Reputation: 194
my problem is CUDA memcpy copying back from device to host. My program uses GUI written in C# + CUDA wrapper class and core cuda logic written in cudaC.
This is the main code in c# responsible for starting everything:
int[] imgData = srcImg.RgbData8bitInt;
int[] patData = pattern.PatternData;
int[] maskData = pattern.MaskData;
int[] Accumulator = new int[srcImg.Width * srcImg.Height];
IntPtr A_dev = CUDA.MallocInt(srcImg.Width * srcImg.Height);
IntPtr Img_dev = CUDA.MallocInt(imgData.Length);
CUDA.MemcpyToDevice(imgData, Img_dev, imgData.Length);
IntPtr Pat_dev = CUDA.MallocInt(patData.Length);
CUDA.MemcpyToDevice(patData, Pat_dev, patData.Length);
IntPtr Mask_dev = CUDA.MallocInt(maskData.Length);
CUDA.MemcpyToDevice(maskData, Mask_dev, maskData.Length);
int gridSizeX = (srcImg.Width - pattern.Image.Width) / 256 + 1;
int gridSizeY = srcImg.Height - pattern.Image.Width;
int imageWidth = srcImg.Width;
CUDA.Execute(status, gridSizeX, gridSizeY, A_dev, Img_dev, Pat_dev, Mask_dev, imageWidth);
CUDA.SynchronizeContext();
CUDA.MemcpyToHost(Accumulator, A_dev, Accumulator.Length);
Btw. the CUDA.SynchronizeContext() is wrapper for cudaThreadSynchronize();
The problematic part is the last line, responsible for copying values from device back to host.

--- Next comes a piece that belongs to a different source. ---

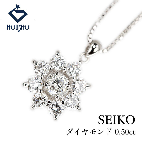 セイコー ダイヤモンド ネックレス Pt900 Pt850 SEIKO 花 フラワー 植物 ボタニカル【中古】【906119】

[DllImport(dllPath, CharSet = CharSet.Ansi, SetLastError = true, CallingConvention = CallingConvention.StdCall)]
private static extern int memcpyToHost(int[] srcPtr, IntPtr devPtr, int size);
extern "C" int __declspec(dllexport) __stdcall memcpyToHost(int* host, int* dev, int size)
{
if (dev == 0) return 1;
cudaError_t status = cudaMemcpy(host, dev, size * sizeof(int), cudaMemcpyDeviceToHost);
if (status == cudaSuccess)
return 0;
else
return 1;
}
The error status i'm getting while debugging is: cudaErrorInvalidValue
Allocating memory and copying to device seems ok, i've debugged. I'm completly at loss here, maybe someone encountered similar problem?
EDIT: SOLVED See comments
Upvotes: 0
Views: 688
Reputation: 194
The issue was cudaDeviceReset(); placed right after kernel call.
Upvotes: 1